What led to this blog post isn't the first six videos, but the seventh, where a baby's face is hacked into to get at a brain and the heart is still beating. Yeah, I'm glad my stomach was empty, because just reading about it makes me nauseous. Such a profound disregard, which looks so familiar... what makes them any better than ISIS again? As Christians we're supposed to defend the weak and some of us believe in Just War theory. Forty years of dead children and why haven't we leveled every abortion clinic in America? We don't believe we can convince those ISIS monsters to change their ways, why do we somehow think the abortionists are any different? And why do we still teach our kids about St. George if we're not going to do anything about it?

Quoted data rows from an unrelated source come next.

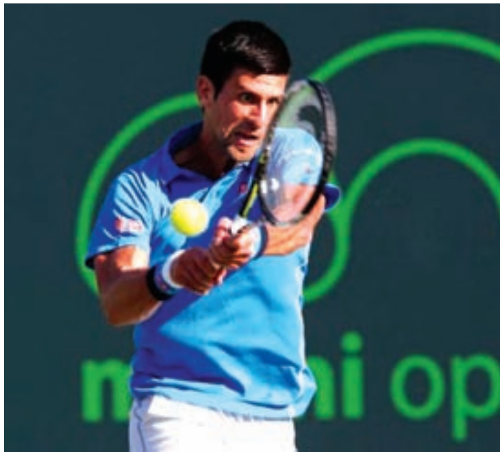
Novak Djokovic hits a backhand against Steve Darcis (not picture) on day eight of the Miami Open at Crandon Park Tennis Centre, on 30 March, 2015.

MIAMI, 31 March — Defending champion Novak Djokovic defeated Belgium's Steve Darcis 6-0, 7-5 on Monday to power into the last 16 of the Miami Open along with Japan's Kei Nishikori, Canada's Milos Raonic and American John Isner.
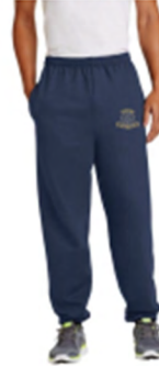
Sweatpant With Pockets
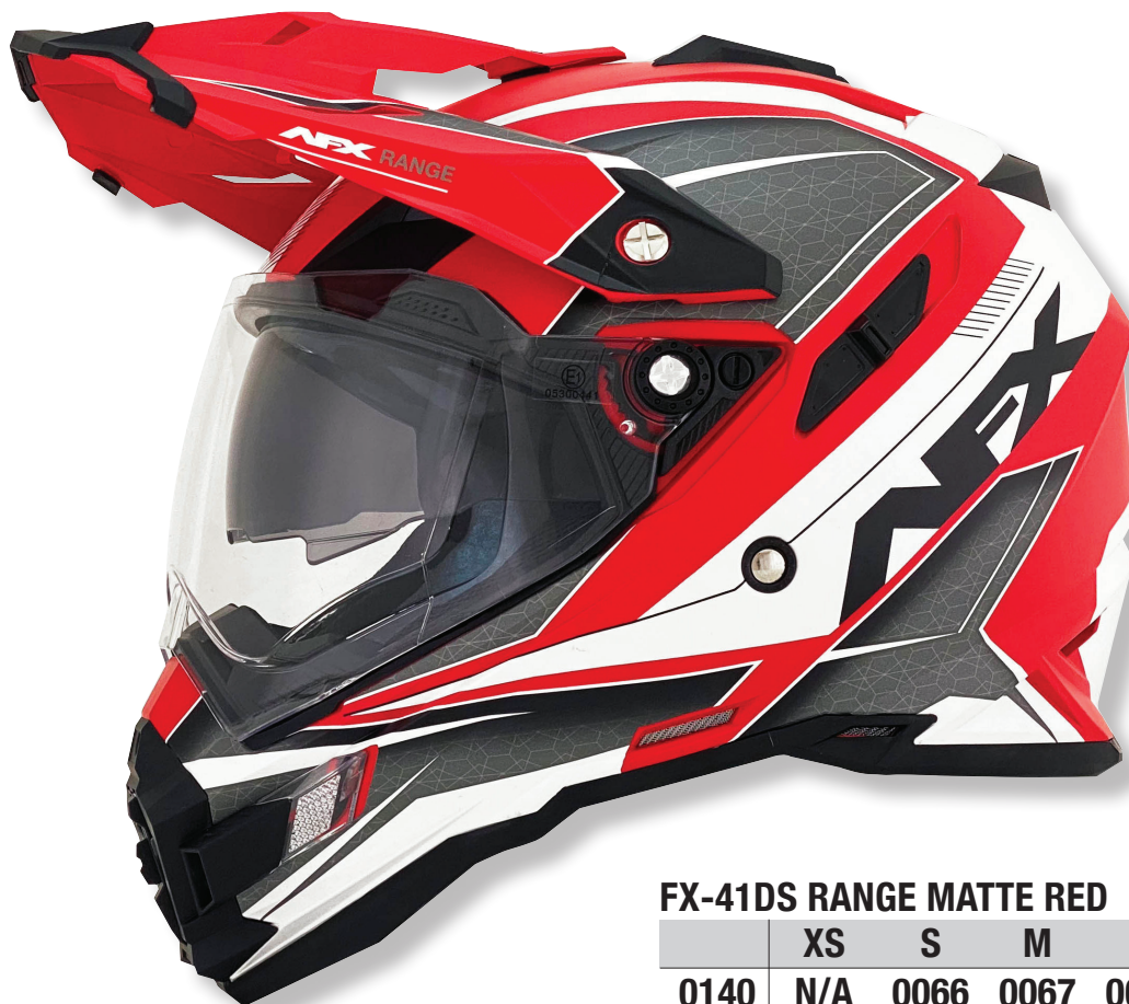
FX-41DS RANGE MATTE RED

(For anyone from the U.S. government reading my post and looking up my unit to let them know they have an extremist in their ranks, please put down the phone. I'm not finished yet. Cause I know someone from the government's reading this going "And we have an abortion clinic bomber in the making!" No you don't. Put the phone down and leave my bloody unit alone. Finish the blog post.)
I've been wondering how on earth to reconcile all this in my heart. This is a level of evil I find so staggering I can barely comprehend it, nevermind do something about it. The fact that things are going on to stop it is irrelevant to me at the moment, because I think I actually have a much larger decision to make. Does violence solve anything? I have to answer a cautious yes. Defending the weak can literally mean just turning aside the blade ad nauseum. Shattering a limb is not the same as taking a life. Kneecapping may have a use. But killing? Revenge? I've never killed anyone, but there was a time I profoundly wanted and thought I needed to. And, from everything I've learned since then, I'm glad I didn't. It wouldn't have taken those awful experiences away, just given me a new one to deal with.

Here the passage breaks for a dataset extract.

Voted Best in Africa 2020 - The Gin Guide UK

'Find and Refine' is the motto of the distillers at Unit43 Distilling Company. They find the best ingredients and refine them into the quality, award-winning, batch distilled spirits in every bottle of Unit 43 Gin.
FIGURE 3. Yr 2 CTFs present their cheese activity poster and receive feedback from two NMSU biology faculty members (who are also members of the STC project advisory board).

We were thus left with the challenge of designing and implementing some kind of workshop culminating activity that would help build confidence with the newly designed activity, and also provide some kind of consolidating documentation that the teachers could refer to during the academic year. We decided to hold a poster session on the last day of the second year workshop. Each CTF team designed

Besides, dragons aren't in human suits, they're much worse. We do have an Enemy and we can't kill him. Do I pray for him? I know some do. But do I? That's a completely different question. I'll ponder that at some point.
I guess that makes me a pacifist then. Those people who are murdering babies in the womb and then dismembering them and selling their body parts so they can get cars out of the deal are my brethren. They're in need of saving just as much as me. So's the kid who molested me. He needs saving too. Prayer does work, clinics have closed and hearts have been opened. Abortion was already being attacked on a massive level before these videos. I'll do what I can to make sure it ends and help those who have suffered from it, regardless of the blood. It wasn't too long ago that I wanted blood on my hands too, so it's not like I can judge.

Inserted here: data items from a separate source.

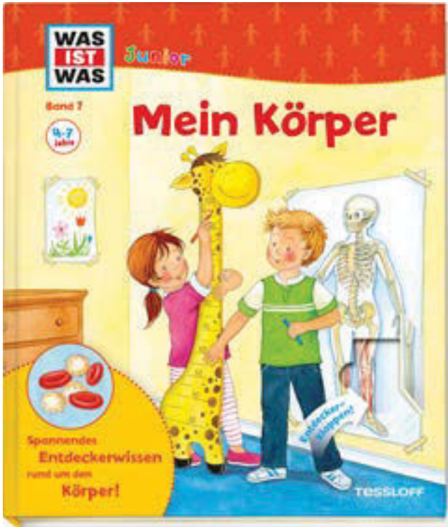
WAS IST WAS Junior. My Body
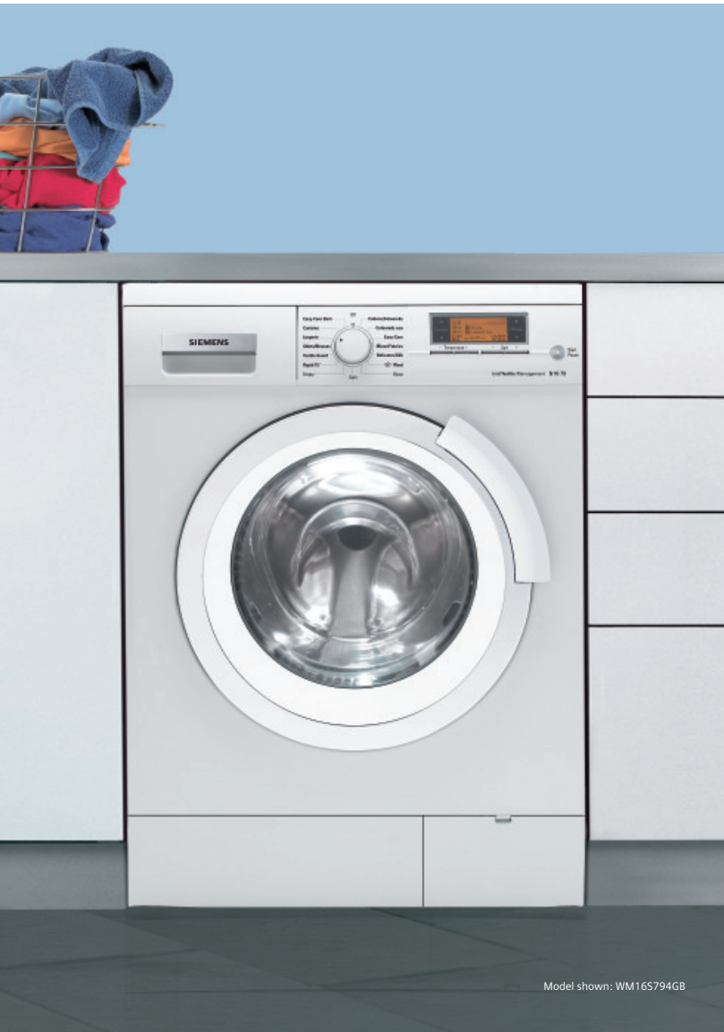
Model shown: WM16S794GB
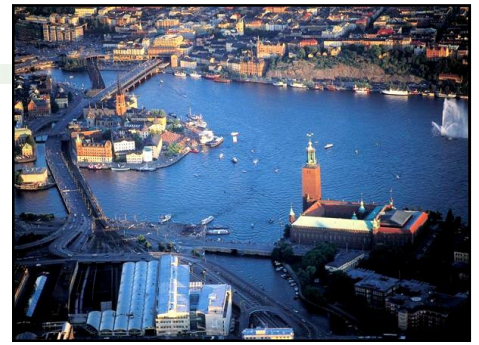
Stockholm from the air.

Finland where there will be an extensive technical visit including the construction of the world's first EPR, geological repository, NPP, etc.

Yup, that makes me a pacifist. Heh, my mom's gonna kill me. The irony of that previous statement is not lost on me, either. Good thing I'm twenty seven, long out of the womb, so now it counts as a murder in this barbaric nation. Now please excuse me, my wonderful son is awake and wants to munch on my prayer rope. If anyone's looking for a toy for their children Eastern Christian prayer ropes make the best toys. They're nice and soft with a tassel that you can use to tickle your child's nose. Micah adores it.